UNHCR: Uganda Continues to Host Refugees from DRC After Recent Clashes
On 1 April 2022, the UN Refugee Agency reported that some 10,000 refugees were being assisted in the Kisoror region in Uganda after they had fled clashes in the Democratic Republic of Congo (DRC), which began on 28 March 2022 by the Ugandan Government in partnership with the UNHCR. Furthermore, around 36,000 people have been internally displaced, among them most are being hosted by families or in markets and schools. Joel Boutroue, UNHCR’s Representative to Uganda, stated that the UNHCR with Uganda’s Office of the Prime Minister were promptly responding to the situation on the ground by managing various transit centres for asylum seekers along the border of the DRC. They have been able to relocate around 2350 asylum seekers to the nearby Nyakabande transit centre. Uganda has been commended for hosting refugees and currently, there is a need for $343.3 million for sustaining humanitarian operations in the country, and only nine per cent of the amount has been funded so far. The operations in DRC require funding of $225.4 million to fulfil the needs of 5.6 million internally displaced people, but with it being underfunded, the humanitarian needs of these people still remain unmet.
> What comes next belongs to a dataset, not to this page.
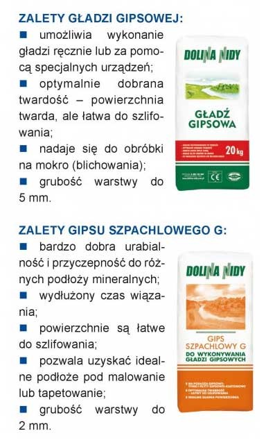 Idealną powierzchnię wykańczanych ścian gwarantują produkty gipsowe DOLINY NIDY - od gipsów szpachlowych i budowlanych, klejów do płyt gipsowo-kartonowych, poprzez gładzie, po tynki. Te ostatnie wykonuje się coraz częściej z uwagi na możliwość uzyskania stosunkowo niskim kosztem powierzchni o wysokiej jakości. Wszystkie produkty maksymalnie ułatwiają pracę zarówno doświadczonym wykonawcom, jak i tym, którzy przeprowadzają prace remontowe we własnym zakresie.

Sri Lanka: President’s House Stormed and 50 People Injured in Protests Amid Economic Crisis
On 1 April 2022, hundreds of protesters gathered at the residence of Sri Lankan President Gotabaya Rajapaksa, calling for him and the government to resign. The protesters attempted to attack the president’s mansion, triggered by the government’s poor handling of the country’s escalating economic crisis. The unrest resulted in an overnight curfew, as well as the arrest of 45 persons. Nearly 50 individuals were hurt and sent to the hospital, including journalists, as authorities deployed tear gas and water cannon to disperse the gathering. The government has been lacking the funds to pay for the fuel required by the power plants and has even turned off the street lighting to conserve energy. Without air conditioning or fans during the power outages that last between 10 to 12 hours, citizens are suffering. The crisis has spread to the hospitals that had to cancel surgeries due to a scarcity of fuel to power the generators that serve as backup during blackouts. India, China, and the US have loaned billions of US dollars to the Sri Lankan government that is now looking for an International Monetary Fund bailout.